About this task — In the entries below, find the line with "Tritone a cavallo di delfino a dx tra fiori" and the line with "三月云层下的梅里雪山十三峰日出日照金山". Reproduce those two lines and every line between them exactly, and nothing more.

Provided records —
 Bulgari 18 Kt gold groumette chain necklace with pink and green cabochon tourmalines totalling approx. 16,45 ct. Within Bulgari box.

---

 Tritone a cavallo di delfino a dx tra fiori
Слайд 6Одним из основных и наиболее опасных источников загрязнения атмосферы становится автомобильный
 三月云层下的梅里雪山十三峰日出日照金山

--

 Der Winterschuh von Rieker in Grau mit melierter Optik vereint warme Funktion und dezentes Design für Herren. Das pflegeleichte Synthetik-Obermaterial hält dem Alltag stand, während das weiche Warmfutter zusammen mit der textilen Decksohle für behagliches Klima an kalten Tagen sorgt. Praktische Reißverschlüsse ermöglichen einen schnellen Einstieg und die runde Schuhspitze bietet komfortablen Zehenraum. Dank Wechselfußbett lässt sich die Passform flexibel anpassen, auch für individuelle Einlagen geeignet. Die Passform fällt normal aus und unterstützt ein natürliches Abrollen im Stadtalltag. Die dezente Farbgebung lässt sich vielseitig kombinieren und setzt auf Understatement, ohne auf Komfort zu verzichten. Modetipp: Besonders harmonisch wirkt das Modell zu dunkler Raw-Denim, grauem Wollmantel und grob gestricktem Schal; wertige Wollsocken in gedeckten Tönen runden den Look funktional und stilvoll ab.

Solution for this problem —
 Tritone a cavallo di delfino a dx tra fiori
Слайд 6Одним из основных и наиболее опасных источников загрязнения атмосферы становится автомобильный
 三月云层下的梅里雪山十三峰日出日照金山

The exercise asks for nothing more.